親の仕事の都合での転校。仕方ないと思いつつも、やりきれない思いが残るのは、それだけこの学校での日々が濃密だったからだろう。
友人たちとの最後の挨拶は、軽めに済ませた。そうでないと、泣いてしまうから。駅まで行く気力がきっと萎えてしまうから。
両親はすでに転居先へ行っている。
「みんなとちゃんとお別れしてから来なさい」
母親からは朝、そう言われていた。
一人で電車に乗り込み、窓際の席に座った。プシューと音がして、ドアが閉まる。電車がのろのろと動き出す。
車窓に、見慣れた風景が映し出された。
あの本屋へは、ケイちゃんとよく学校帰りに寄った。
あの公園では、イッちゃんやタケ君とドッヂボールをした。
あのカフェで、マーちゃんの悩み相談に乗ってあげた。
車窓から見える街並みのあちこちに、思い出があった。
ちゃんお別れしてくればよかったな。
いまさらながら、カナエはちょっと後悔した。
その時だった。
「カナエ、また会おうね」
視界にその文字が飛び込んできた。
横断幕をこちらに見せながら、草原で手を振るクラスメイトたちの姿。副担任の先生も一緒にいる。

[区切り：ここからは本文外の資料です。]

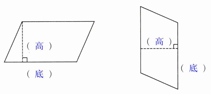 二、分别画出下面平行四边形指定底上的高。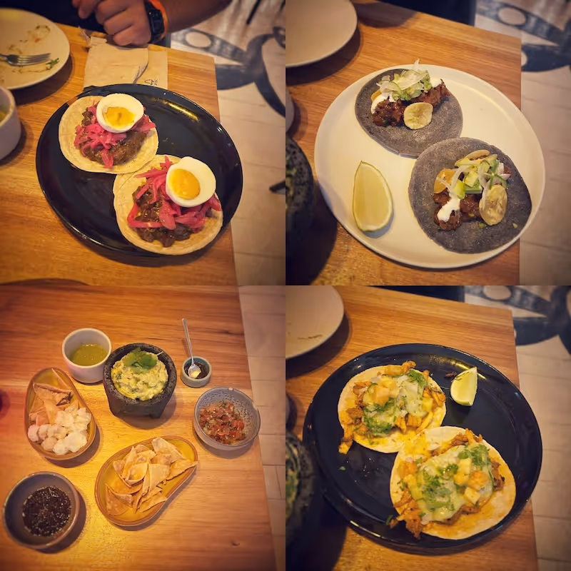 The food here is delicious. They have a great taco variety to choose from. And the best part is that you can order a little bit of everything and share. We even tried worms for the first time in our lives. Oh, and we drank the best tequila here.
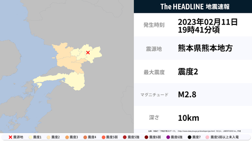2月11日19時41分頃、熊本県で最大震度2の地震を観測
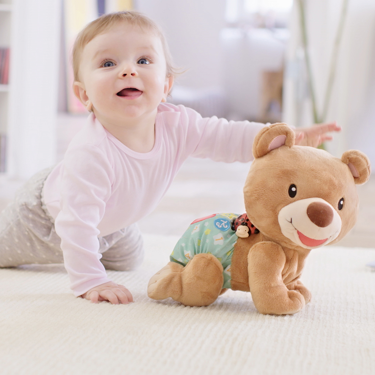 Los krabbel mit mir! Der niedliche Plüschbär animiert zum Hinterherkrabbeln und fördert spielerisch die Motorik. 2 Modi: Krabbeln & Zählen oder Sprechen & Singen. Lerne Formen, Farben und Lieder kennen. Bärchen krabbelt von alleine. 3 interaktive Tasten und eine grosse Herz-Taste. Aufleuchtender Marienkäfer. 5 gesungene Lieder und 10 Kindermelodien. Mit Abschaltautomatik.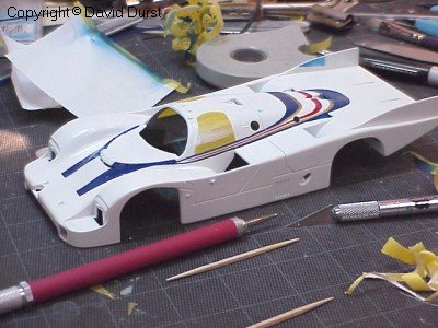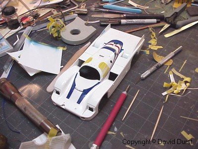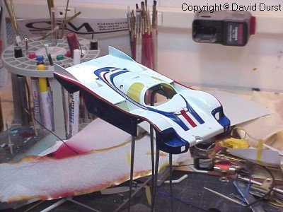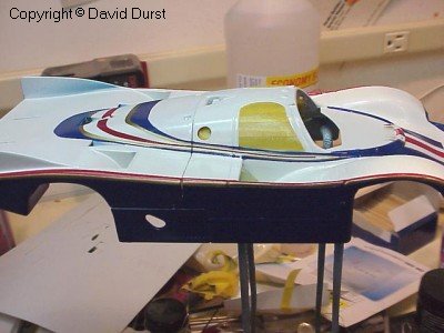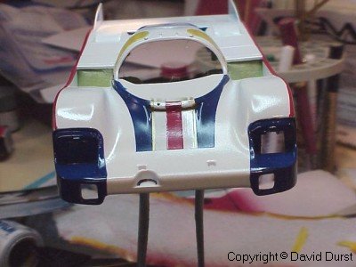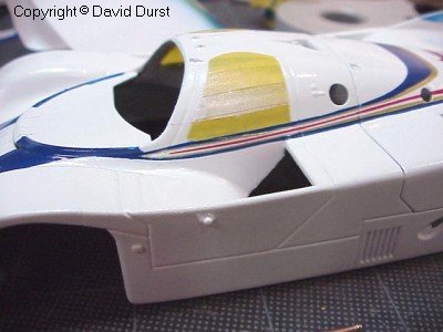 After all of the stripes on the top and nose of the car were completed, the stripes on the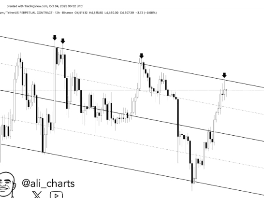 根據市場分析師Ali的說法,以太坊已經測試了同樣的阻力水平四次,每次都遭遇了一波賣壓。12小時圖清楚地顯示了這種模式——$4,600作爲天花板,而$4,300–$3,800則作爲關鍵支撐區間。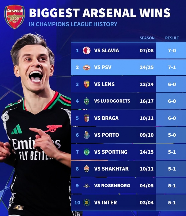 德轉(zhuǎn)列阿森納隊(duì)史歐冠單場大勝榜: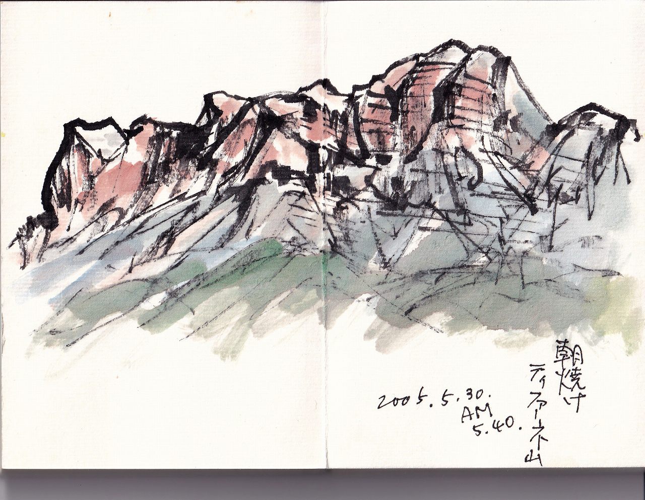 ![]() コルティナダンペッゾで迎えた早朝の景色は、四方とも美しい山に囲まれ、本当に夢を見ているような心地でした。クリスタロ山は規模が大き過ぎて、画面に入り切りませんでした。朝焼けのティファーネ山が描く大きさとしては手頃で、割り箸に墨汁を付けて瞬間芸で捉えました。今見ても線に躊躇いが無く、その時の興奮が描き残せたと思います。(2026-1-28載)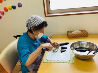 さっそく、ナスを天ぷら用にカットしていきましょう。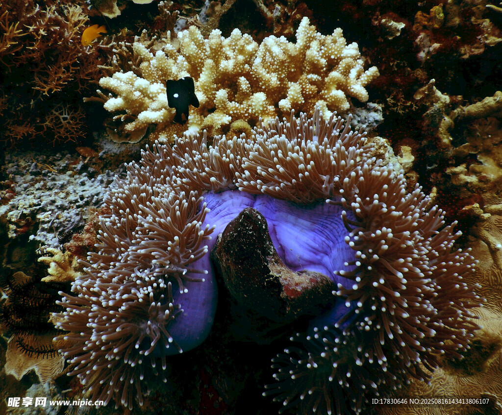 紫色海鱼藏身珊瑚丛中图片

彼らの顔を見てカナエは感激し、涙を流しそうになった。直前で涙腺をしめたのは、胸に浮かんだある疑問。
──なぜ、私がこちら側に座るとわかったのか?
カナエが買ったのは自由席のチケットで、こちら側に座ったのは単なる気まぐれだ。予測できるはずがない。
ならばいたい、どうやって。
横断幕を持った生徒たちの人数を目算する。十人とちょっと。クラスの人数の約半数だ。
そして付き添っているのが副担任……。
カナエはある答えを得た。
泣いている場合じゃない。
急いで席を立ち、反対側の窓際に移動した。
いた。
こちら側にも、横断幕を持つクラスメイトたちの姿。付き添っているのは担任だ。
「カナエ、忘れないよ」
そう書かれていた。
彼らの姿は一瞬にして後ろへ消えていく。
しかしカナエの心に焼きついたふたつの車窓からの光景は、消えなかった。
「ありがとう」
カナエは呟き、涙をこらえるのをやめた。
これからの日々。
寂しくなることもあるだろう。
でもきっと大丈夫。
自分と過ごした日々を大切にしてくれる人たちが、
あの街にいるんだって、
カナエはずっとそう信じていることができるから。
【要約解説】
自分が電車のどちら側の席に座るか予測できるはずがない。
また、横断幕を持ったクラスメイトの人数は、全体の約半数。
そのことから、カナエがどちら側に座ってもメッセージが見えるよう、反対側にも横断幕を持った友人たちが待ち構えているはずだ。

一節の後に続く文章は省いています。